I read a proof which used the following type of argument:
Assume we draw two random variables $x_1, x_2$ indepenently. Let $y$ be another random variable, that directly depends on $x_1$ and $x_2$ (e.g. $y$ is the sum of both). Suppose that under the assumption, that we have drawn $x_2$ already, the bound $\mathbb{P}(y \leq \varepsilon) \leq \frac{\alpha}{x_2}$ is true. Let $f$ be the pdf for $x_2$. We then get $$ \mathbb{P}(y \leq \varepsilon)\leq \int_0 ^\infty \frac{\alpha}{x_2} f(x_2) \ dx_2 .$$
Intuitively this makes so much sense, but I dont know why exactly this is true. What is the underlying probability theoretic principle that allows us to conclude the second bound?
Let me first clean up the notation in your proof. I am used to writing random variables as capital bold letters so they're easily distinguishable from non-random quantities. I don't insist on that convention, but it is important to distinguish a random variable from a possible value it can have.

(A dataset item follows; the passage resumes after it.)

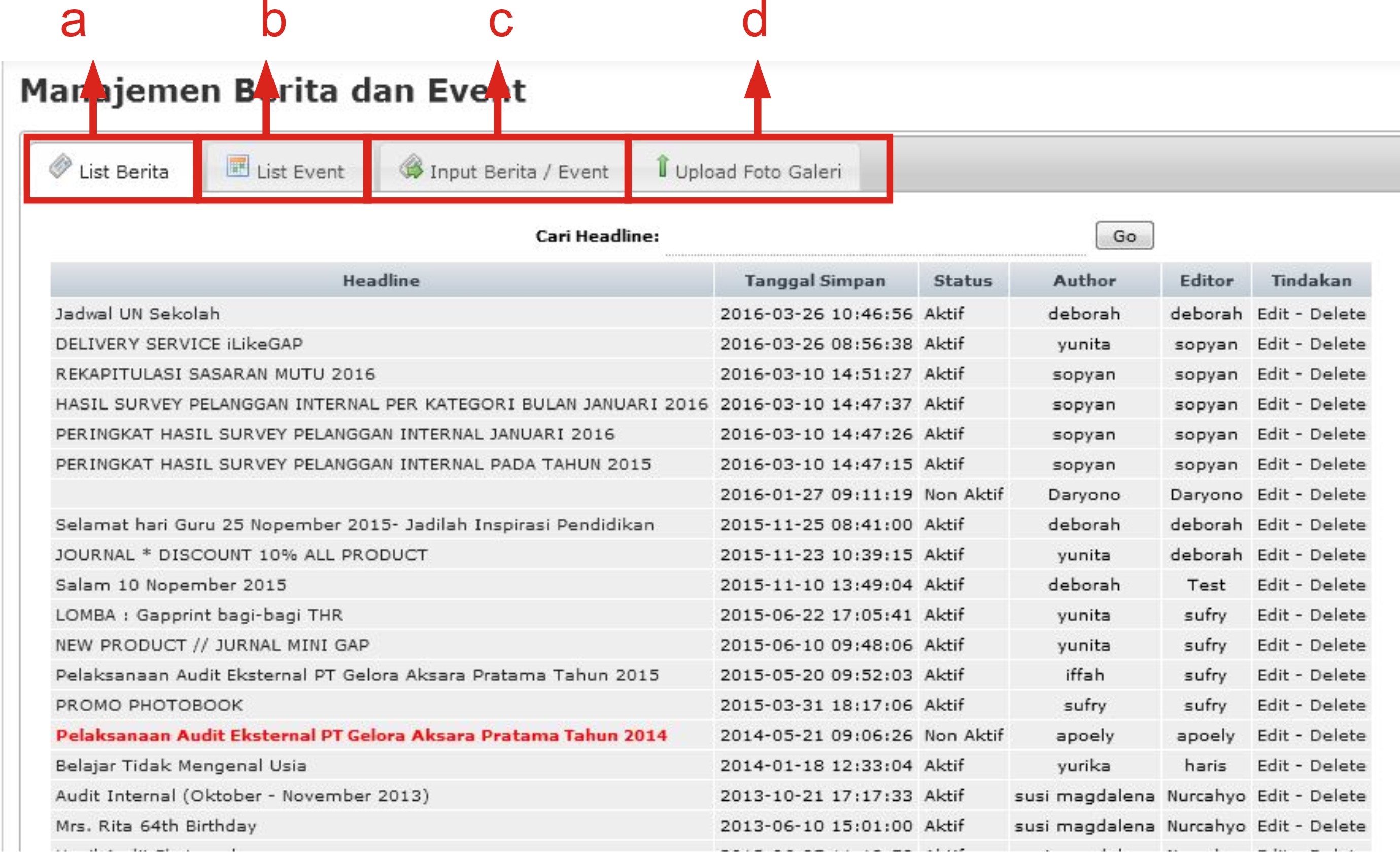 - Pilih Menu List Berita atau List Event lalu cari judul berita/event yang akan diubah statusnya,kemudian klik Edit. Contoh :

In particular, it makes no sense to integrate with respect to a random variable!
Here, we can use the law of total probability for continuous random variables: $$ \mathbb P(A) = \int_{-\infty}^\infty \mathbb P(A \mid \mathbf X = x) f_{\mathbf X}(x) \,dx. $$ In this problem $A$ will be the event $\mathbf Y \le \varepsilon$ and $\mathbf X$ will be $\mathbf X_2$. We should assume that $\mathbf X_2$ can never take on negative values, or else the bound in the question can't possibly hold; therefore it is okay to integrate from $0$ to $\infty$ instead. This gives us $$ \mathbb P(\mathbf Y \le \varepsilon) = \int_0^\infty \mathbb{P}(\mathbf Y \leq \varepsilon \mid \mathbf X_2 = x_2) f(x_2) \,dx_2. $$ Using the inequality $\mathbb{P}(\mathbf Y \leq \varepsilon \mid \mathbf X_2 = x_2) \leq \frac{\alpha}{x_2}$, we get the final bound you wanted.